Why don't more open-source projects monetize? (Ask HN)
Because monetizing your open-source project means you take on a second job.
Here are your choices:
- Turn your OSS project into a company (Docker). The pro is that you can capture a lot of the value, the con is that you're splitting your project into CE/EE and also now you're a CEO
- Give the software away for free and charge for the hosting (Gitlab). Pro here is that you get recurring revenue, but the con is that now you're in DevOps and wear a pager. Also this model doesn't work well for libraries, only "apps".
- Charge for support (Ubuntu, Nginx-ish). Pro here is that by helping folks implement your software, you'll have a long line of success stories.
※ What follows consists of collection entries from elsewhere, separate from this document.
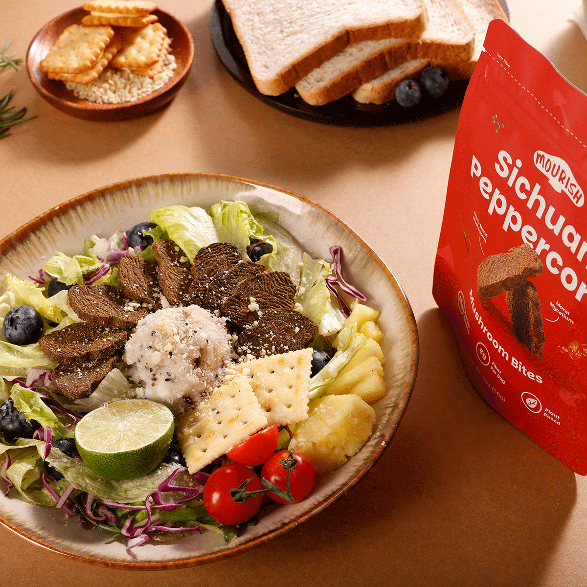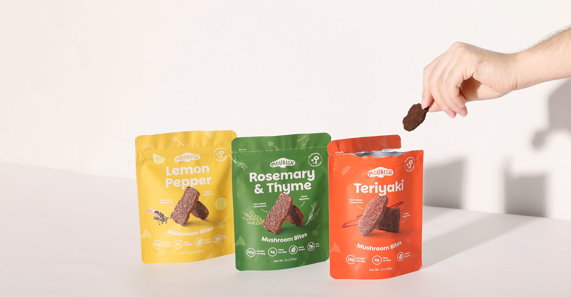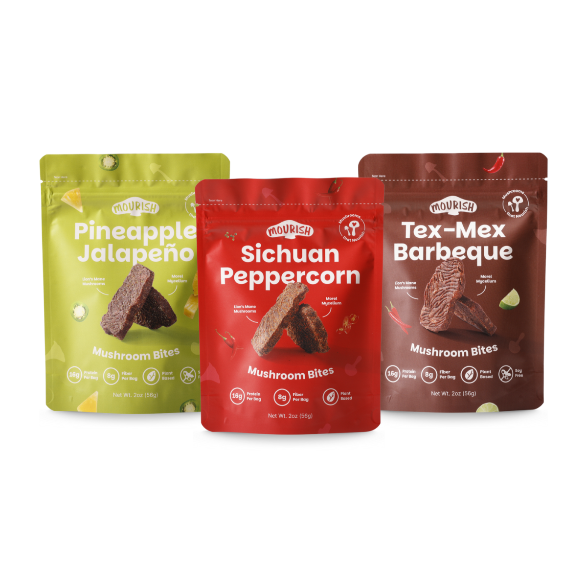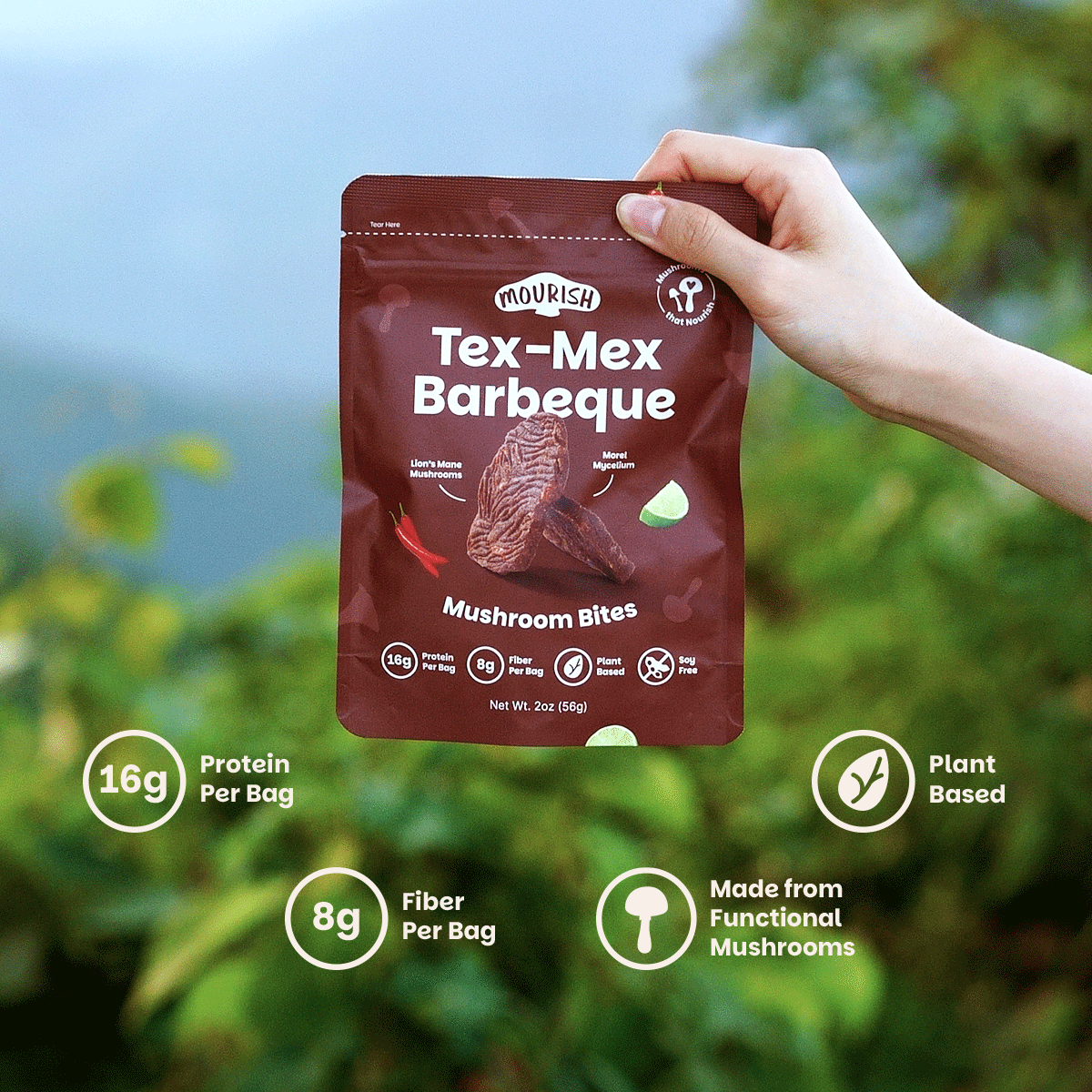 Mourish Bites bring all the depth and chew of our original jerky — now in bite-sized form and more functional than before. Made from Lion's Mane and Morel mycelium, each piece is umami-rich, satisfyingly chewy, and seasoned with real ingredients.
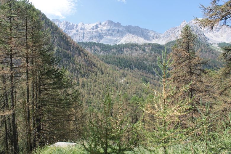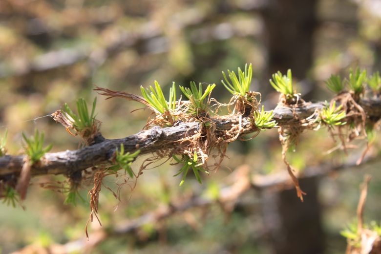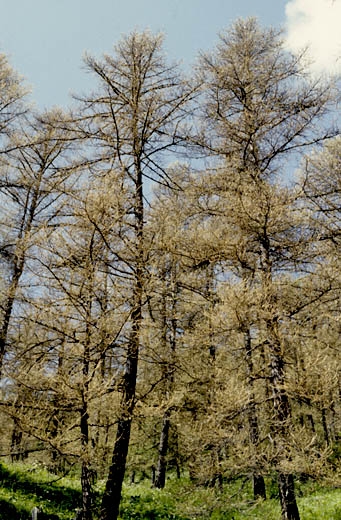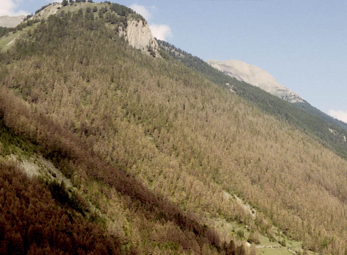 - Le principal dommage subi par les mélèzes consiste en un déficit considérable de la production des graines. On constate aussi un dépérissement de certaines parties des frondaisons des arbres âgés.
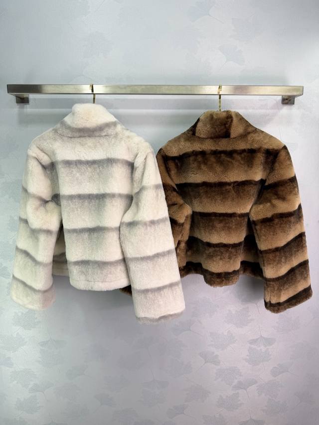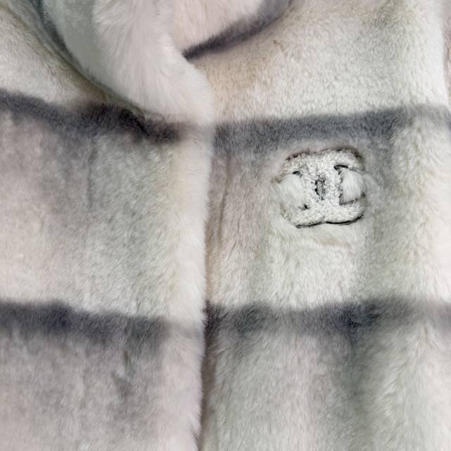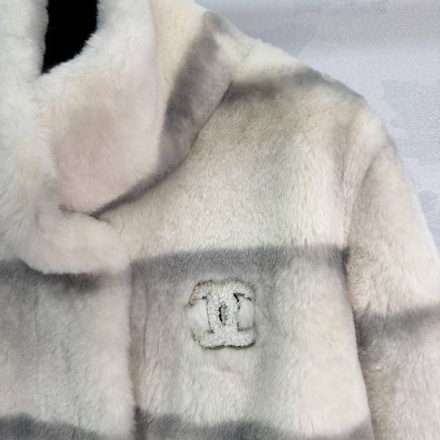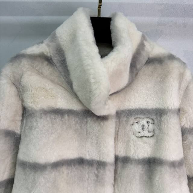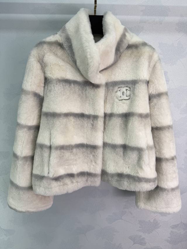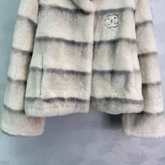 Chane* Faux Mink Fur Coat. Made from eco-friendly materials, the surface is soft and delicate, providing exceptional warmth and comfort for winter. The classic lapel and cropped cut are simple and stylish, making it suitable for both commuting and everyday wear. The off-white color paired with light gray stripes exudes a gentle and elegant charm. The distinctive logo on the chest adds a fashionable and versatile touch, looking great with both skirts and trousers. Available in 3 colors and sizes: S, M, L. T226B. DDD

Con here is that it isn't scalable - your upside is bounded by the hours you can bill
- Get a job at a company that will fund you to work on it (React, Angular). Pro here is that you can make tons of money with a job you love. Nice work, if you can get it. Con is that now you work for that company and you're subject to whatever whims they have.
- Run a Kickstarter (Light Table, Diaspora). Pro: you can gauge demand and you don't have a boss. Cons: it's one-time revenue, you have potentially inflated expectations, and just kidding, now you have 1,000 bosses.
- Run a Patreon (Vue). Pro: you have autonomy and recurring revenue (yay!). Con: now you're a personality. This is limited to celebs who are good at marketing themselves as much as their software
- Ask for donations (Babel, Webpack). Pro: this works for tools and libraries (not just apps) and you can keep your mission. Con: Companies feel these donations have ambiguous deliverables. There's a lot of mental overhead too (How many projects can one company fund per month?)
- Sell documentation, books, videos (React Training, my current gig). Pro: JavaScript fatigue makes you money! Con: Writing the docs isn't as satisfying as writing software (for many developers)
So to answer your question: monetizing your open-source project means you take on another job besides writing software.
In an ideal world if you write software and it gets used, you'd be able to capture some share of that value. But we're not there yet.